Task goal
Print the line containing "歐美范時(shí)尚簡(ji" and every line after it exactly as written, through the end of the records.

Supplied entries
★ ★ ★ ★
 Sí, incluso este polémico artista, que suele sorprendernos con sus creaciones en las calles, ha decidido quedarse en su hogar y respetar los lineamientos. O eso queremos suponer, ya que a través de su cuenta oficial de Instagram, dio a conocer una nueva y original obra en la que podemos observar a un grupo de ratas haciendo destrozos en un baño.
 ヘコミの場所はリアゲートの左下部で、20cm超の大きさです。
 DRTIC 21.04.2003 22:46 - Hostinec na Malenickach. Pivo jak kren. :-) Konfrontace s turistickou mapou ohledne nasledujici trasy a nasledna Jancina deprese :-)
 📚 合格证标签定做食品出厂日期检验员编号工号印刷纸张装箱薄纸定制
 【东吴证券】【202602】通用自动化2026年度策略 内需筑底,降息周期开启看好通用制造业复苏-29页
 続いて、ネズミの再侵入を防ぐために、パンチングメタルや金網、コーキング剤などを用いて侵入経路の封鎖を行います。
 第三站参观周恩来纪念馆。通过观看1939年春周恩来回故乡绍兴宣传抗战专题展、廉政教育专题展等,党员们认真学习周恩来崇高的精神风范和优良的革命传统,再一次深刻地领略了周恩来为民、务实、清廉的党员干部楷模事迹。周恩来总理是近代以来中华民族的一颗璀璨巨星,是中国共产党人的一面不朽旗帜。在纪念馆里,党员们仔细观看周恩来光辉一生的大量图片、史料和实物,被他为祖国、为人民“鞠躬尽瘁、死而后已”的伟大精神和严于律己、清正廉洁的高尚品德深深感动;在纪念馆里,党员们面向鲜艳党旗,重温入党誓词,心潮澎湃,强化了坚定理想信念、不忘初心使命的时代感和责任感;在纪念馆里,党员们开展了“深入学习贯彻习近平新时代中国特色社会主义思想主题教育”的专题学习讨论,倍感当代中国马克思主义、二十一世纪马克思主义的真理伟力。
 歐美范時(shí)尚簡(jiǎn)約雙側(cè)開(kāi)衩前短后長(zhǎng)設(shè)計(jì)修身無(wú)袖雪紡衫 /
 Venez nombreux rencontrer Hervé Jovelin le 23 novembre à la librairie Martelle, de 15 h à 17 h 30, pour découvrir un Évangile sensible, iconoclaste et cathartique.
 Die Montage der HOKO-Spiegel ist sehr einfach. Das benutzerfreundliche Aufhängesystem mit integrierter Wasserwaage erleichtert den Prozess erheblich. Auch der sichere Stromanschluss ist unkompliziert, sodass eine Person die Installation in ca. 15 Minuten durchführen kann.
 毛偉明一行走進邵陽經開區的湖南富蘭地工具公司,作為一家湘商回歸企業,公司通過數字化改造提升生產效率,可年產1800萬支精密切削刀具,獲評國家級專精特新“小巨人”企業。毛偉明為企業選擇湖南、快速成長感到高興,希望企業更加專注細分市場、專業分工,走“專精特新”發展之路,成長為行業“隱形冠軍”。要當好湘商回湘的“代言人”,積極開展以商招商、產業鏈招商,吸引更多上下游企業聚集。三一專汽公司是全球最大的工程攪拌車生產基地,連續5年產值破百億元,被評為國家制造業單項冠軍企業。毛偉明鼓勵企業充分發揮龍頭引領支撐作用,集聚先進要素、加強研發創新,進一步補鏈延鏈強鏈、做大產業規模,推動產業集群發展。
★ ★ ★ ★
Task answer
 歐美范時(shí)尚簡(jiǎn)約雙側(cè)開(kāi)衩前短后長(zhǎng)設(shè)計(jì)修身無(wú)袖雪紡衫 /
 Venez nombreux rencontrer Hervé Jovelin le 23 novembre à la librairie Martelle, de 15 h à 17 h 30, pour découvrir un Évangile sensible, iconoclaste et cathartique.
 Die Montage der HOKO-Spiegel ist sehr einfach. Das benutzerfreundliche Aufhängesystem mit integrierter Wasserwaage erleichtert den Prozess erheblich. Auch der sichere Stromanschluss ist unkompliziert, sodass eine Person die Installation in ca. 15 Minuten durchführen kann.
 毛偉明一行走進邵陽經開區的湖南富蘭地工具公司,作為一家湘商回歸企業,公司通過數字化改造提升生產效率,可年產1800萬支精密切削刀具,獲評國家級專精特新“小巨人”企業。毛偉明為企業選擇湖南、快速成長感到高興,希望企業更加專注細分市場、專業分工,走“專精特新”發展之路,成長為行業“隱形冠軍”。要當好湘商回湘的“代言人”,積極開展以商招商、產業鏈招商,吸引更多上下游企業聚集。三一專汽公司是全球最大的工程攪拌車生產基地,連續5年產值破百億元,被評為國家制造業單項冠軍企業。毛偉明鼓勵企業充分發揮龍頭引領支撐作用,集聚先進要素、加強研發創新,進一步補鏈延鏈強鏈、做大產業規模,推動產業集群發展。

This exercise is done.